News of the Revelyst deal and another upgraded CSG offer cam in a news release issued Friday night at 10:00 p.m. eastern time.

In its last offer given on July 22, CSG agreed to acquire Kinetic for $2.15 billion.

The SVP Transaction is subject to the completion of the CSG Transaction. Together, the CSG Transaction and the SVP Transaction represent an enterprise value of $3.35 billion for Vista Outdoor and will deliver an estimated $45 per share in cash to Vista Outdoor stockholders.

Revelyst has three segments: Adventure Sports (Fox Racing, Bell, Giro, CamelBak, QuietKat, and Blackburn); Outdoor Performance (Simms, Bushnell, Blackhawk, Stone Glacier, Camp Chef, and Primos); and Precision Sports Technology (Foresight Sports, Bushnell Golf, and Pinseeker). Kinetic includes the Federal, Remington, CCI, Hevi-Shot, and Speer ammunition brands.

“The Board has worked tirelessly to deliver maximum value to its stockholders, and we are pleased to have reached this agreement with SVP and CSG which helps us achieve that objective,” said Michael Callahan, chairman of the Vista Outdoor Board of Directors. “The Board engaged in a thorough process to identify the best avenues to unlock value – and through these two separate, but contingent, transactions with SVP and CSG, we have identified a path that reflects the true strength and potential of both Revelyst and The Kinetic Group.”

David Geenberg, head of SVP’s North American corporate investment team, said, “We are strong believers in the Revelyst story and the potential of this business. With a portfolio of diverse, market-leading brands in the outdoor industry, Revelyst has an unparalleled opportunity to capture market share through its exceptional consumer focus and strengthen its platforms through its operational and supply chain enhancements. We are happy to be partnering with the strong leadership team at Revelyst to help unlock its full potential with SVP’s resources.”

“We look forward to creating long-term value at The Kinetic Group as part of the CSG portfolio,” said Michal Strnad, CEO and Owner of CSG. “The Kinetic Group has a deep heritage of delivering high-quality, innovative products and we will provide significant resources, investment and expertise to continue growing the business and serving its customers with leading ammunition products. We are confident CSG’s acquisition of the Kinetic Group is the best outcome for Vista Outdoor stockholders, employees of the Company and the American economy.”

Transaction Details

The SVP Transaction has been unanimously approved by the Board and is expected to close by January 2025, subject to the completion of the CSG transaction, as well as the receipt of necessary regulatory approvals and other customary closing conditions.
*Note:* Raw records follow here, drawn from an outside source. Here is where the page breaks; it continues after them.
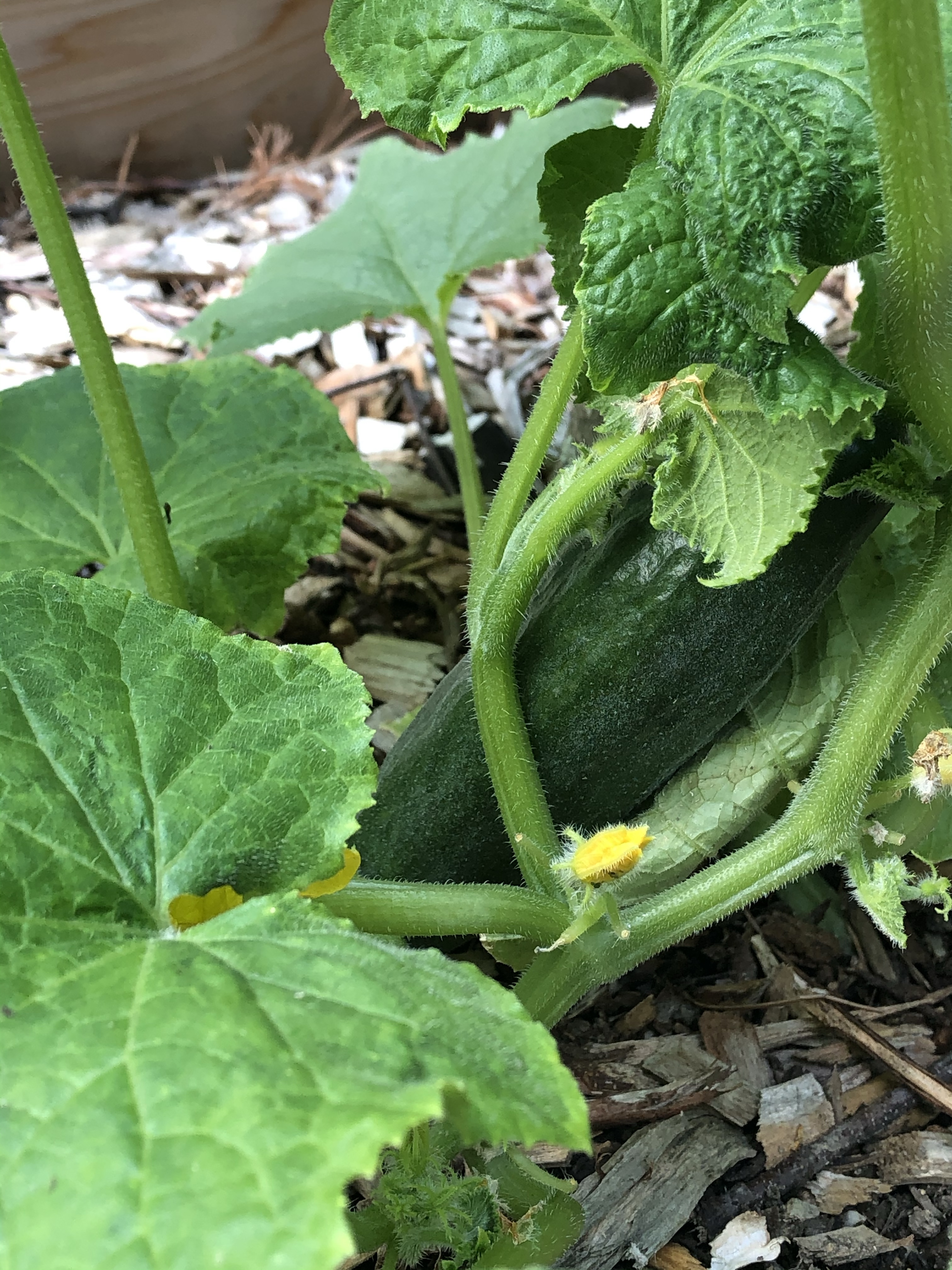 In the 1st year of this project, I built several raised beds and supplemented most of the remaining open space with large growbags. 3 out of 5 raised beds contain “teepee trellises” – a cost-free way to grow vegetable producing vines vertically by tying together 3 or 4 sturdy dead branches. In addition, I used twine to create little step ladders to help the plants climb. These beds would be used to grow cucumbers, pole beans, and butternut squash (I also snuck a few zucchini plants in there). The cucumbers were a big success, but I’m still not sure about the pole beans and butternut squash. I’ll make that call at the end of the season.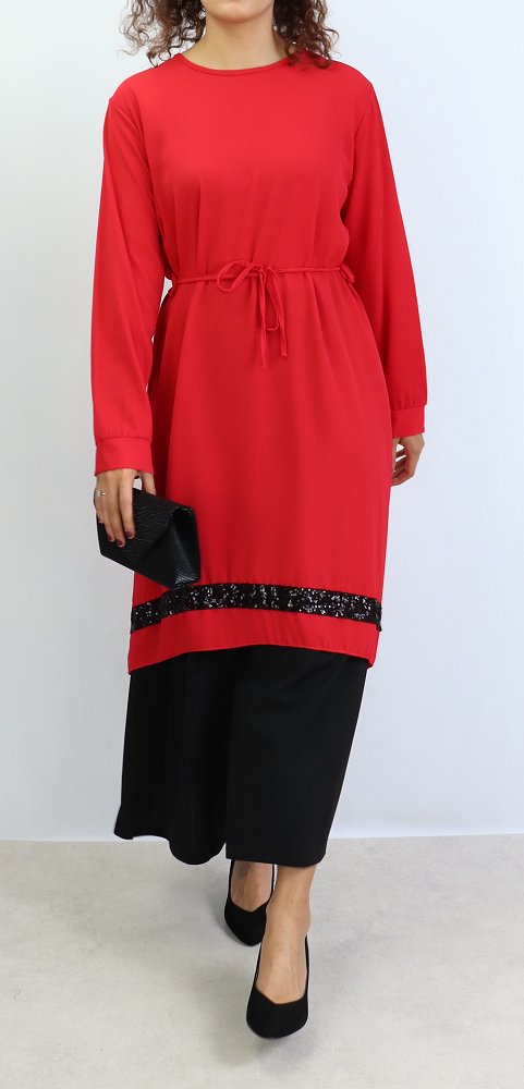 Tunique en crêpe avec strass noirs - Couleur Rouge Vetement & Accessoire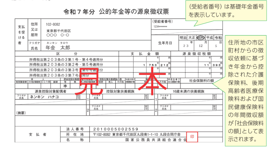 以下、日本年金機構から届く源泉徴収票の見本です。

Vista Outdoor and CSG have received all regulatory approvals required under the merger agreement for the CSG Transaction and are prepared to close the CSG transaction prior to the end of 2024, subject to receipt of stockholder approval and satisfaction of other customary closing conditions. CSG and Vista Outdoor have mutually agreed to extend the termination date of the CSG merger agreement to December 11, 2024.

At the closing of the CSG Transaction, CSG will pay the Company $2.225 billion, subject to certain purchase price adjustments, and Vista Outdoor stockholders will receive $25.75 in cash per Vista Outdoor share and one share of Revelyst common stock for each share of Vista Outdoor common stock. At the closing of the SVP Transaction, SVP will pay Revelyst stockholders an aggregate of $1.125 billion, subject to a net cash adjustment, representing an estimated $19.25 in cash per share of Revelyst common stock, based on current management estimates of expected net cash of Revelyst as of the closing of the SVP Transaction.

As part of the SVP Transaction and the CSG Transaction, Vista Outdoor, CSG and SVP have agreed to certain amendments to the separation agreement currently in place to separate the Kinetic Group and Revelyst. In addition, CSG will no longer be investing in Revelyst at the closing of the CSG Transaction.

In connection with the announcement of the SVP transaction and the CSG transaction, the Company will adjourn the special meeting of stockholders currently scheduled for October 9, 2024.

Advisers

Morgan Stanley & Co. LLC is acting as sole financial adviser to Vista Outdoor and Cravath, Swaine & Moore LLP is acting as legal adviser to Vista Outdoor. Moelis & Company LLC is acting as sole financial adviser to the independent directors of Vista Outdoor and Gibson, Dunn & Crutcher LLP is acting as legal adviser to the independent directors of Vista Outdoor.

J.P. Morgan is acting as sole financial adviser to CSG with Clifford Chance LLP acting as legal adviser.